Reading-Cotswold Line remains an easy change at Oxford - I'd wager the number of such passengers with such a relatively minor inconvenience is far less than the number that benefit from the general acceleration of schedules.
If you insist on keeping every aspect of currentll connectivity, you'll just end up back at today's timetable again with no actual progress made.
No, it's not simple. The two draft Cotswold timetables circulated previously to user groups by GWR included Reading calls (and presumably also made provision for the Didcot and Bristol trains).
Is it so hard to grasp that the only part of the the day that the Cotswold Line trains will not call at Reading is the late afternoon and early evening peak? You know, one of the busiest periods of the day, when the inadequate passenger-carrying capacity of the XC trains touted as the alternative way to get to Oxford is even more inadequate than the rest of the time.

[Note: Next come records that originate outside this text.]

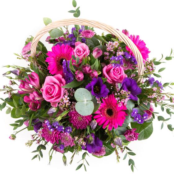A colourful arrangement of cerise pinks and purples, including roses, mini gerberas, alstromeria and dainty wax flower.
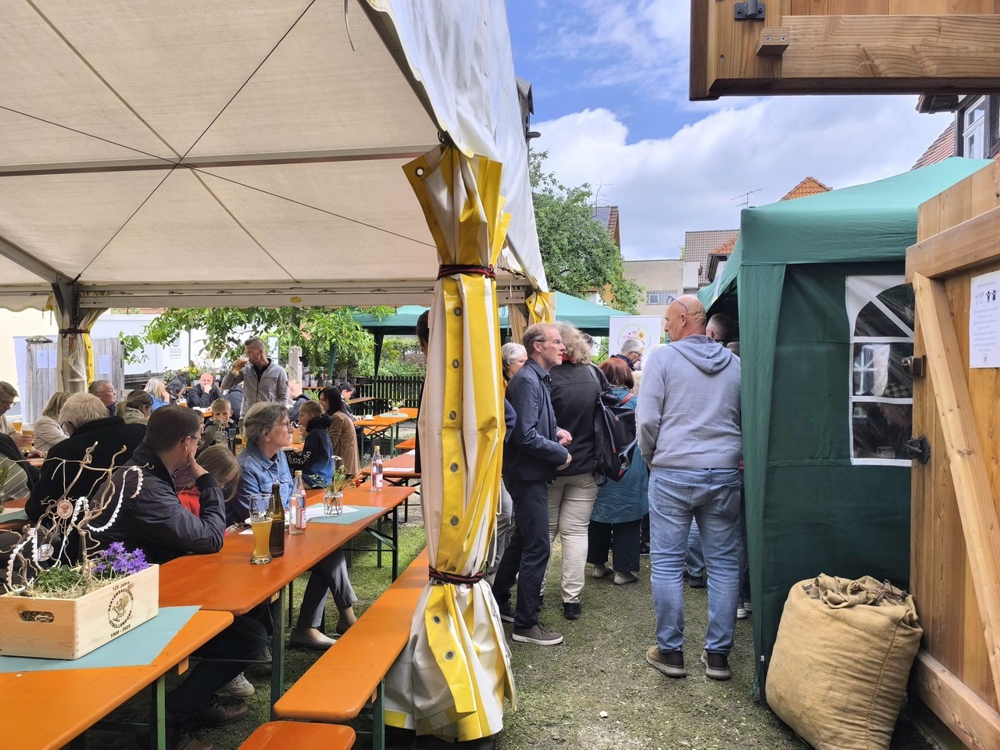 Gut besucht verteilten sich alle Gäste drinnen wie draußen und genossen teils bei Sonnenschein Kaffee und Kuchen. Hier bot sich die Gelegenheit, sämtliche Fragen zur Bepflanzung von Hochbeeten mit erfahrenen Gärtnerinnen und Gärtnern zu stellen, sich zur Gartengestaltung beraten zu lassen und ein paar Tipps einzuholen, z.B. welche Gemüse- bzw. Pflanzensorten in einem Beet zusammen passen und weshalb die Nutzung von Torf im eigenen Garten woanders die Lebensräume vieler Pflanzen und Tiere zerstört und schlecht fürs Klima ist.
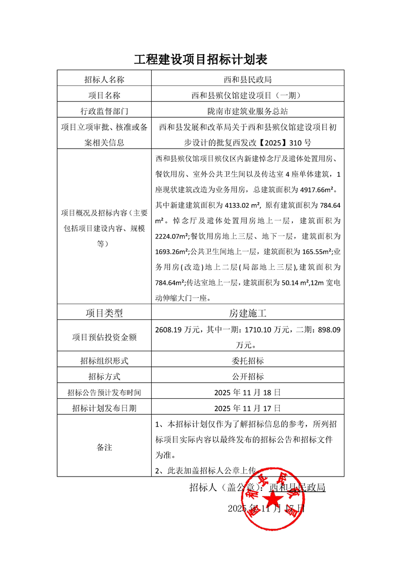 附件:西和縣民政局工程建設(shè)項目招標計劃表.pdf
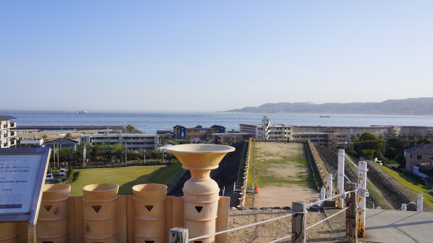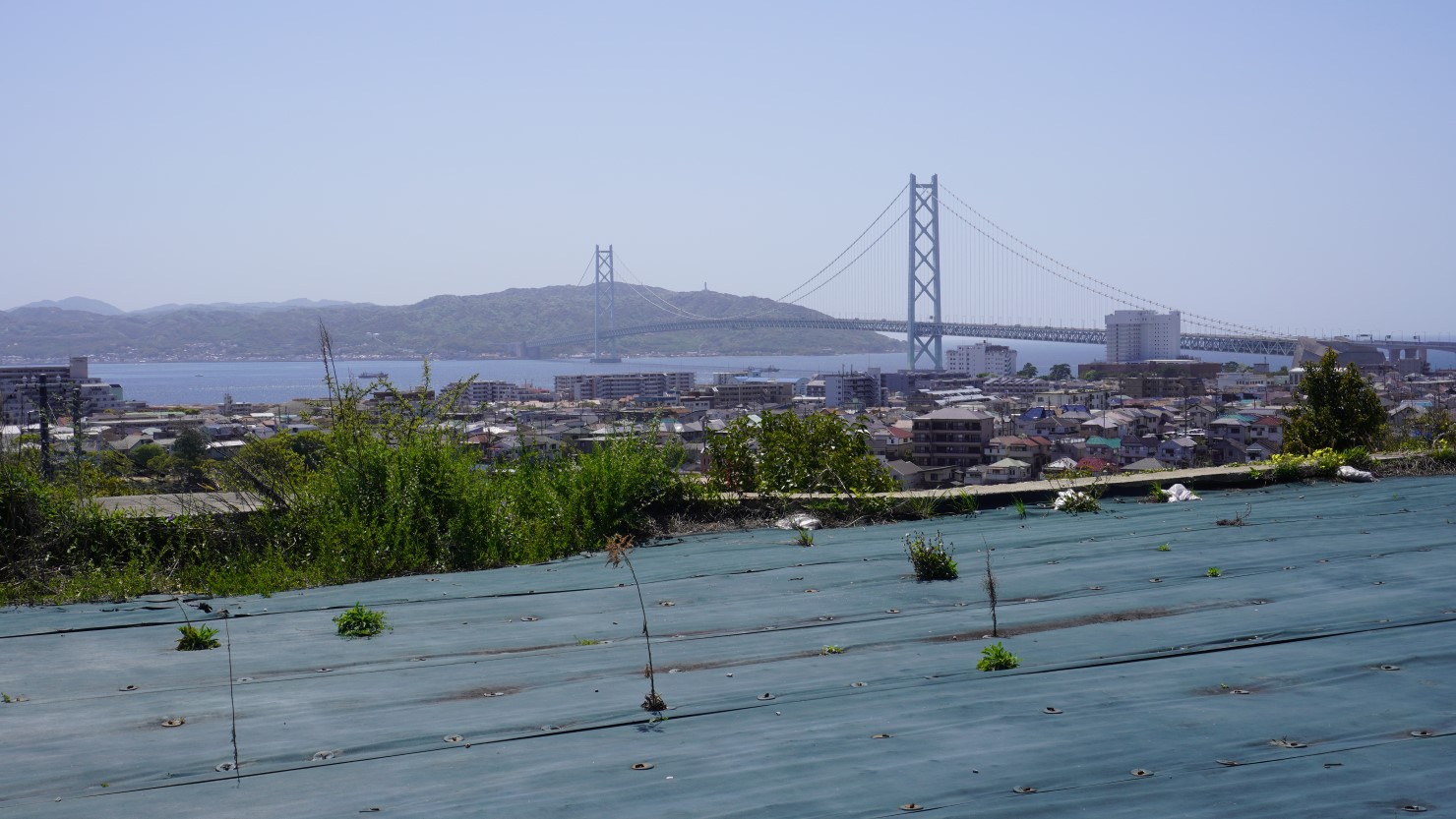 坂を登り切ってから少し横道に逸れると、オーシャンビューが。もともとは市外住宅が多く、ここまでの景色は見えなかったといいます。取り壊された結果、明石海峡大橋を望む絶景スポットに。

Not many people would regard losing a direct journey in exchange for the likelihood of having to stand in a smelly Voyager vestibule for 20 minutes, then change on to a train that has run through the station they got on at, as a 'minor inconvenience'.
The journey time saving between London and Oxford achieved by not calling at Reading will be a whole, er, three or four minutes. Which won't make a fundamental difference to anyone's life.
And what do we find when the peak trains get past Oxford?
The 16.58 from Paddington (no Reading call) will reach Moreton-in-Marsh in 1 hour 22 minutes.
The 17.34 from Paddington (calls at Reading) will reach Moreton-in-Marsh in 1hr 23 mins.
The 17.58 from from Paddington (no Reading call) will reach Moreton-in-Marsh in 1hr 27 mins.
The 18.58 (no Reading call) gets the gold medal for a 1hr 20min run from London.
Not much of a trade-off for the clear and obvious impact on passengers from Reading, or the serious hit to connectivity that will also result from this.